Monday, January 23, 2012
A Really Bad Day... And I'm OK.
Today was the kind of day that as soon as I start recounting all the bad crap that went on it, I get tired of typing - - partly because there was so much crap, and partly because now that the day is over, it just sounds like whining to me. And I hate whining. In all forms.
But it was a really crappy day. Bratty kids, sick kids, fussy kids, bitchy me, pms-y, psychotic, "feel-like-my-head's-going-to-pop-off" me.
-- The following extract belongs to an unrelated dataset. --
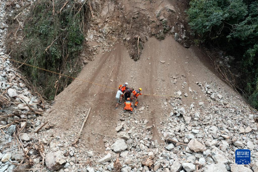 9月7日,在四川省甘孜州瀘定縣磨西鎮附近,四川省成都市消防救援支隊的救援人員轉移被困群眾。
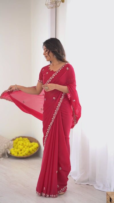 Add a touch of refined elegance to your ethnic collection with this Star Georgette Saree, crafted to offer a graceful drape and subtle shimmer. The saree features delicate embroidery and moti work, beautifully highlighted with a mirror-work border that enhances its overall appeal. Its solid georgette base keeps the look timeless while allowing the intricate detailing to stand out.

Last-minute doctor's visit, double ear infection, older kids' playdate cancelled, speeding home to retrieve children, waiting around to get other daughter off bus, back to pharmacy to get antibiotics, loooong wait for medicine, insurance card issues, kids still need dinner, more whining children, kids fighting after going to bed... UGH!!!
Long story short. I made it. Several times today I almost posted on facebook how bad my day was, but I couldn't bring myself to do it. It's not even that I didn't want to whine. I just didn't want to seem like I was whining. How sad is that?? But whatever - - I still made it! I managed not to blow a gasket. I managed not to scream (anymore, after the morning) at the children. I managed not to burst into tears at the pressure of doing everything required of me today. And it was just when I phrased it that way in my head - - "all the pressure of what's required of me!!" - - that I no longer felt the need to whine.
It seemed like one of those First World Problems you hear about.
I prayed for strength - and got it, apparently. Thanks, God. I know it was you who got me through today.